Records -
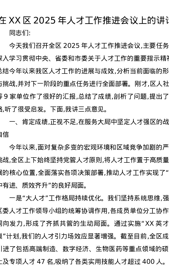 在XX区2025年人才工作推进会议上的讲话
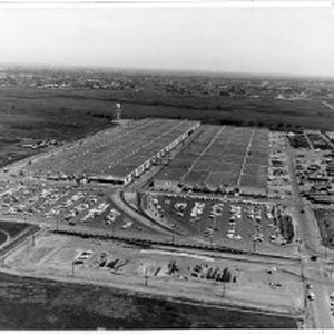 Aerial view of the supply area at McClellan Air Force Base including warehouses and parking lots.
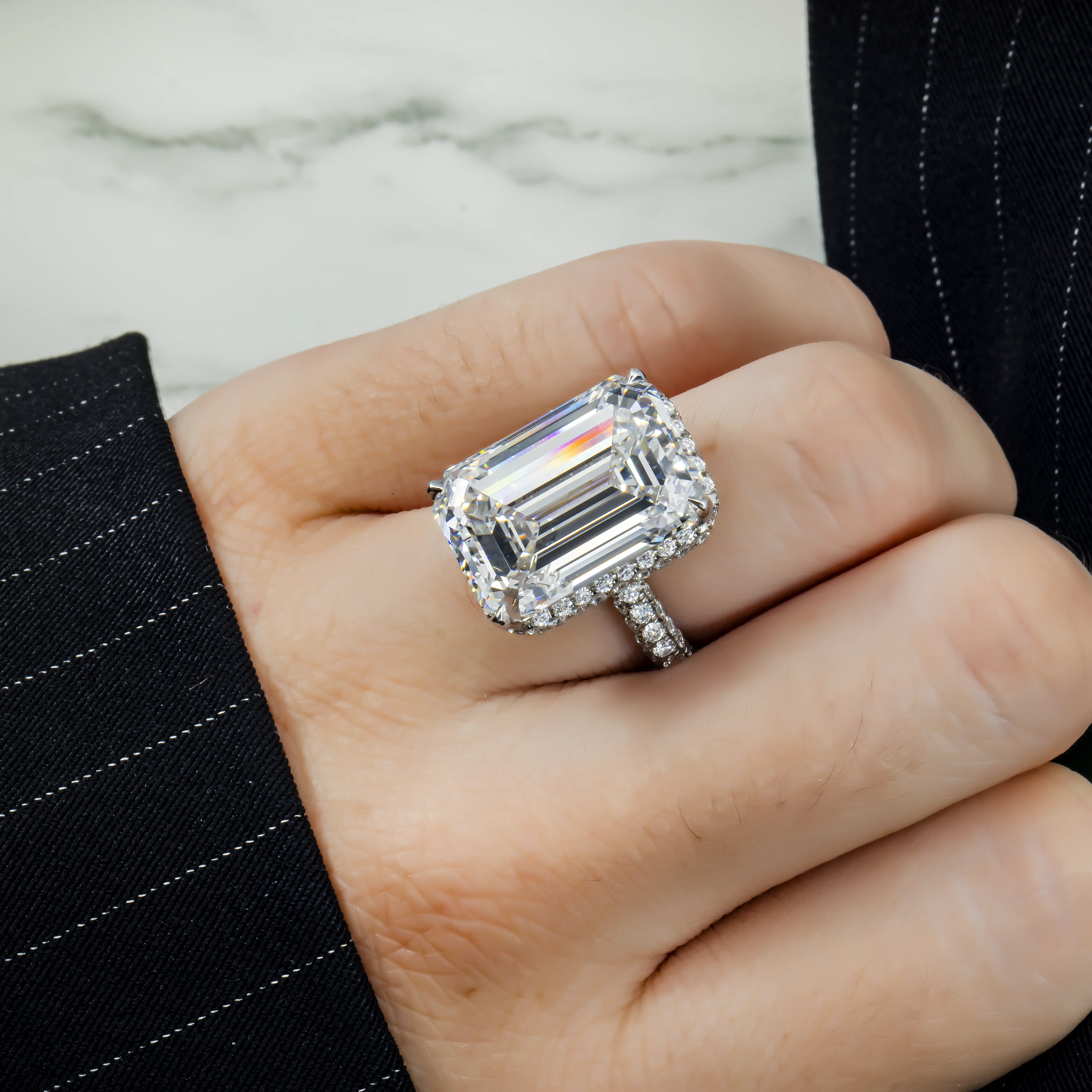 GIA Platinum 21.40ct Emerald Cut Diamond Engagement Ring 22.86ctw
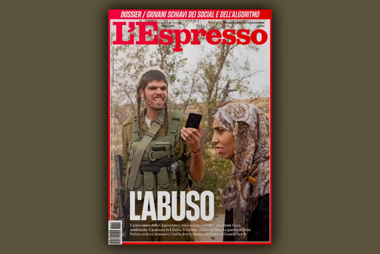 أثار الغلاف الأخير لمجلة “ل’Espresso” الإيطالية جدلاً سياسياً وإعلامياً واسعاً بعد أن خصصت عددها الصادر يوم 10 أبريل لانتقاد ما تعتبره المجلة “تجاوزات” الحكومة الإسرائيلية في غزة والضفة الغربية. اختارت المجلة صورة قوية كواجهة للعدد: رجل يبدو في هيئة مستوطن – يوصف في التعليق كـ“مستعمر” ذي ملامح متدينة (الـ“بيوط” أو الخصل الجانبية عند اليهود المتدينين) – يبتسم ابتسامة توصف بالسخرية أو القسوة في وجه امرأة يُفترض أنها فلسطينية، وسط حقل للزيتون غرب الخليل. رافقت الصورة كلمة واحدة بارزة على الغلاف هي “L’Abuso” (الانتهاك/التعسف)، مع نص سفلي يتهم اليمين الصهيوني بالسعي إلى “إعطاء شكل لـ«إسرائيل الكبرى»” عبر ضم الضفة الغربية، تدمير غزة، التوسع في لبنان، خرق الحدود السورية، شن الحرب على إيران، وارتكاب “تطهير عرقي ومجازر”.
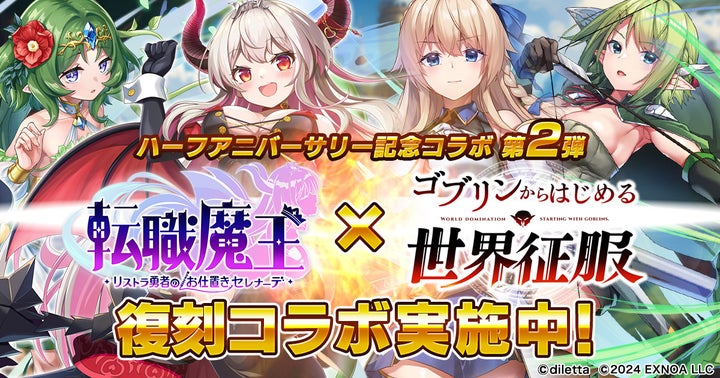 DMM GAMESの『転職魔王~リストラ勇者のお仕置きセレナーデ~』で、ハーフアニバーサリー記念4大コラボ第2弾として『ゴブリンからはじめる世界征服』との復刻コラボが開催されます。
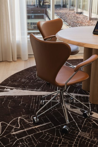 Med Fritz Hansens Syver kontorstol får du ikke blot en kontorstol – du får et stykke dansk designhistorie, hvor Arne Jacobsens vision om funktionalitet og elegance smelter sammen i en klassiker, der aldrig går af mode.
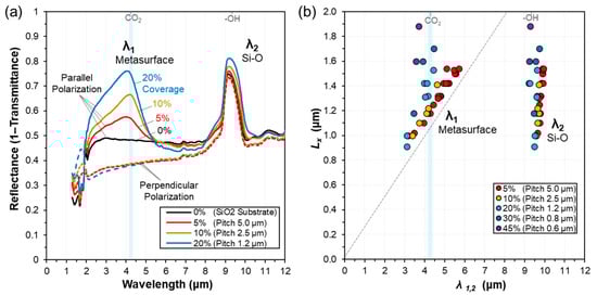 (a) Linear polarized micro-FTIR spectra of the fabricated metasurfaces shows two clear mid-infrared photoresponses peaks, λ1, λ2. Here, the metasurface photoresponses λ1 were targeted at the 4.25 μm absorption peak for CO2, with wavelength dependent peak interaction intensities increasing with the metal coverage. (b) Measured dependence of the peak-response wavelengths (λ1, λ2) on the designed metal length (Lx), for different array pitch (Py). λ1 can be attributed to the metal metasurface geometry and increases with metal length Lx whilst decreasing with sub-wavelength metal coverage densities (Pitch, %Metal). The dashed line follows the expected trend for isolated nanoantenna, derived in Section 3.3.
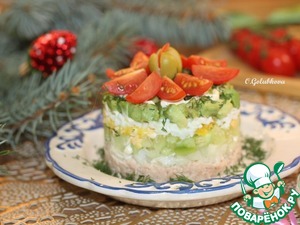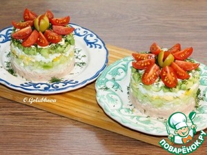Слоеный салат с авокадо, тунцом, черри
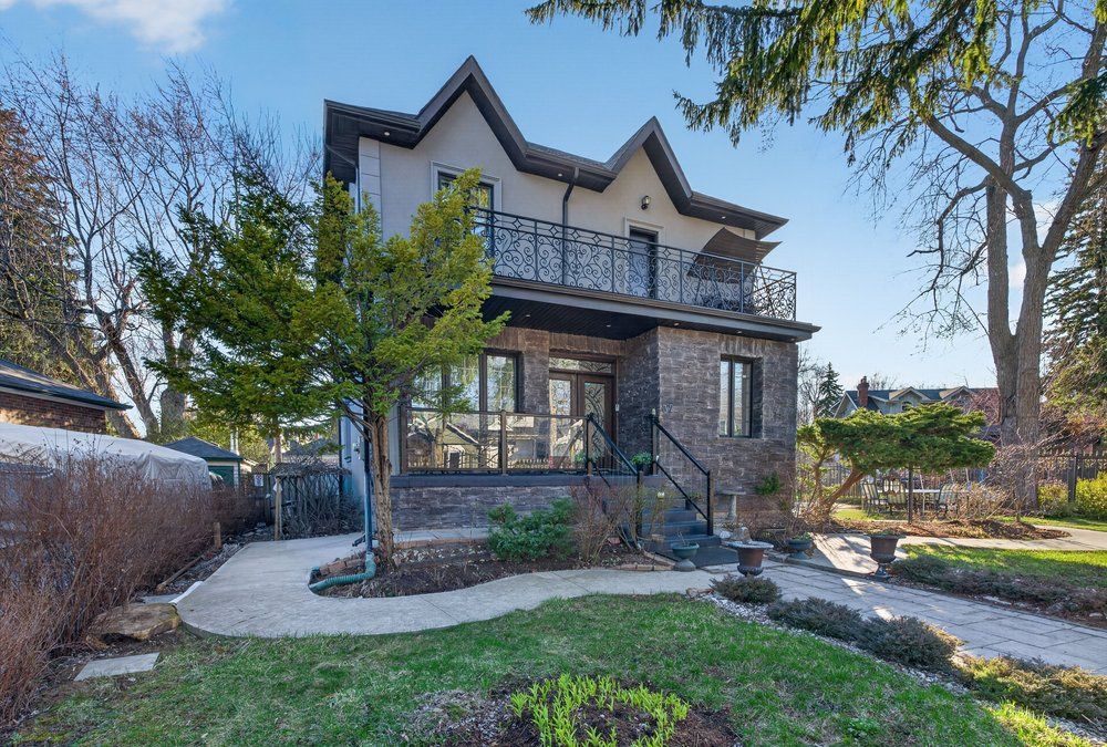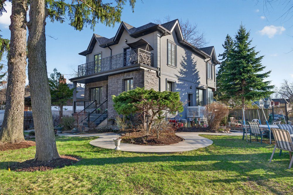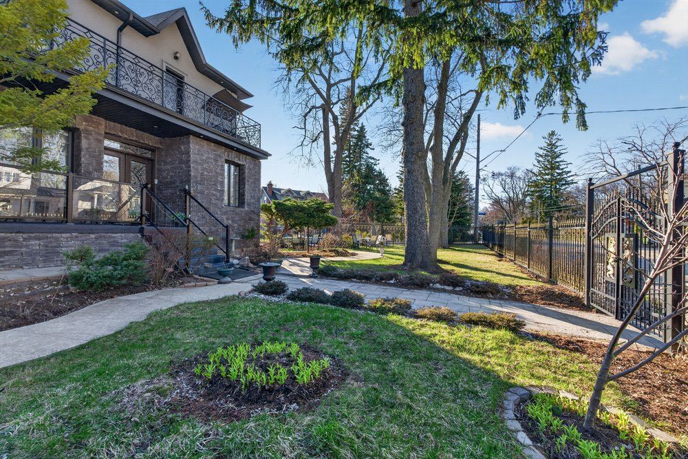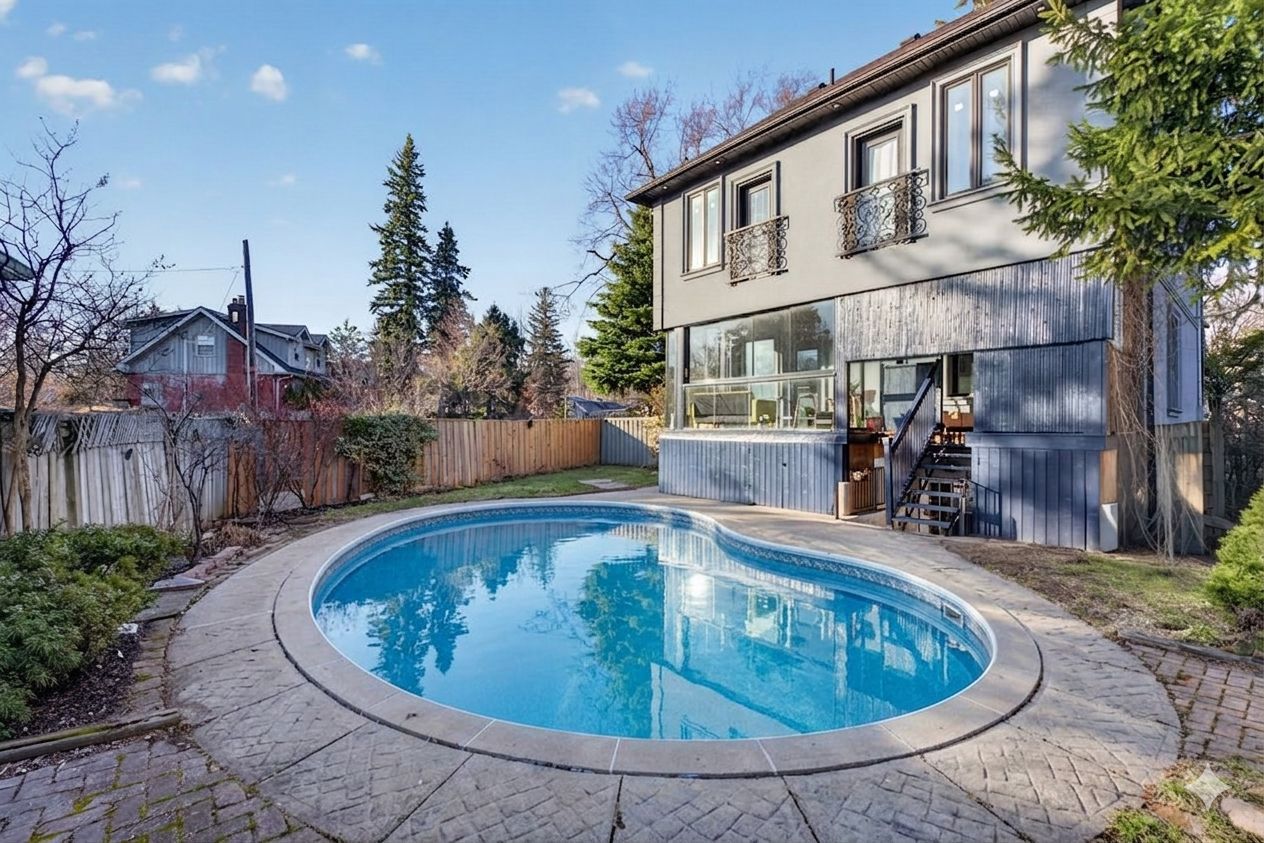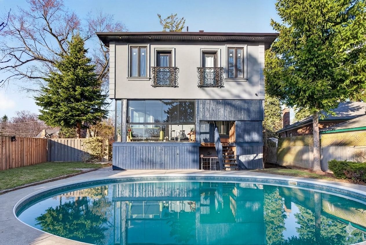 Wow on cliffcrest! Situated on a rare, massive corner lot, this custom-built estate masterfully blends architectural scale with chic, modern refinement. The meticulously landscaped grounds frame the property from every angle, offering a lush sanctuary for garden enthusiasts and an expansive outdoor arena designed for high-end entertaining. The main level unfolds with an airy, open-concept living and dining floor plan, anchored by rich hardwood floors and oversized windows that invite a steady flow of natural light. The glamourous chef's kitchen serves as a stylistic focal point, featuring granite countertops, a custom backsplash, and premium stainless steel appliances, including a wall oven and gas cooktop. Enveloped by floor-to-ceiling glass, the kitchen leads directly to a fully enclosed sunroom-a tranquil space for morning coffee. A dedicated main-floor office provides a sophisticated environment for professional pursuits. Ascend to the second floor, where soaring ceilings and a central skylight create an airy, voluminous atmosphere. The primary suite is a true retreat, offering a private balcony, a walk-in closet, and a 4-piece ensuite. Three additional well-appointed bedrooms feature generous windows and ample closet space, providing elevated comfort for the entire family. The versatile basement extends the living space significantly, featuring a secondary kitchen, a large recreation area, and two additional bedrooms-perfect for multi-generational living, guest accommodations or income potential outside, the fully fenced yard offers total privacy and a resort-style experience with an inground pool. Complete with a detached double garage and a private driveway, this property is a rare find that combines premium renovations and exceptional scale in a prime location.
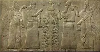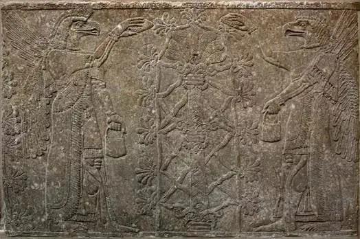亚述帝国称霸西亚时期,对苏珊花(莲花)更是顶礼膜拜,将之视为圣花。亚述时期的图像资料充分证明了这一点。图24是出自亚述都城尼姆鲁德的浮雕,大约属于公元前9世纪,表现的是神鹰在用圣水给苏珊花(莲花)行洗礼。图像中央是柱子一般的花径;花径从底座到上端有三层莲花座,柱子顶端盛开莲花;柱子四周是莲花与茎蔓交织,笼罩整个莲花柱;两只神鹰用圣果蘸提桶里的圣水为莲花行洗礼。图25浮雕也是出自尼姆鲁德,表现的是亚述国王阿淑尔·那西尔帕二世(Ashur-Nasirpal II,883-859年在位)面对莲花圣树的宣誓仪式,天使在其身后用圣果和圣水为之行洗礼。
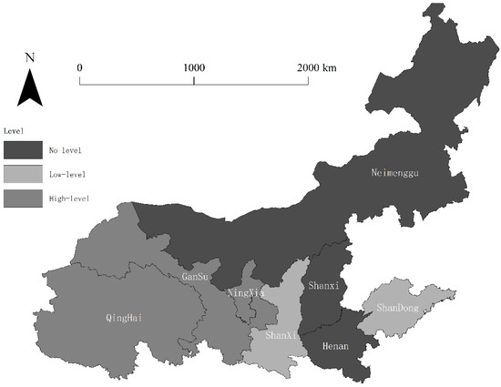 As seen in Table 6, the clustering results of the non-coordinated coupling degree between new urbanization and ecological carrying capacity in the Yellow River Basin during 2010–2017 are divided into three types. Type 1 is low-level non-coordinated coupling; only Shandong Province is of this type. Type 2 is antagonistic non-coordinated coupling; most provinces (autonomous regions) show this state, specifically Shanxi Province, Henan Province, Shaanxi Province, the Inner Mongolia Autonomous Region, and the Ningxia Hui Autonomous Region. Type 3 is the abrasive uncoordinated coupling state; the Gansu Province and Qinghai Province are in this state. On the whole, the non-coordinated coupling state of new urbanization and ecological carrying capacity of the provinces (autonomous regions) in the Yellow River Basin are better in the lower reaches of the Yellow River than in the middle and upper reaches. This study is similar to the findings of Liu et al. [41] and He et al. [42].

Task brief - The copy should hold only the lines from the one with "(a) Linear polarized" through the one with "Слоеный салат с авокадо, тунцом, черри", exactly as they stand above. Leave out the pictures.

Output -
 (a) Linear polarized micro-FTIR spectra of the fabricated metasurfaces shows two clear mid-infrared photoresponses peaks, λ1, λ2. Here, the metasurface photoresponses λ1 were targeted at the 4.25 μm absorption peak for CO2, with wavelength dependent peak interaction intensities increasing with the metal coverage. (b) Measured dependence of the peak-response wavelengths (λ1, λ2) on the designed metal length (Lx), for different array pitch (Py). λ1 can be attributed to the metal metasurface geometry and increases with metal length Lx whilst decreasing with sub-wavelength metal coverage densities (Pitch, %Metal). The dashed line follows the expected trend for isolated nanoantenna, derived in Section 3.3.
Слоеный салат с авокадо, тунцом, черри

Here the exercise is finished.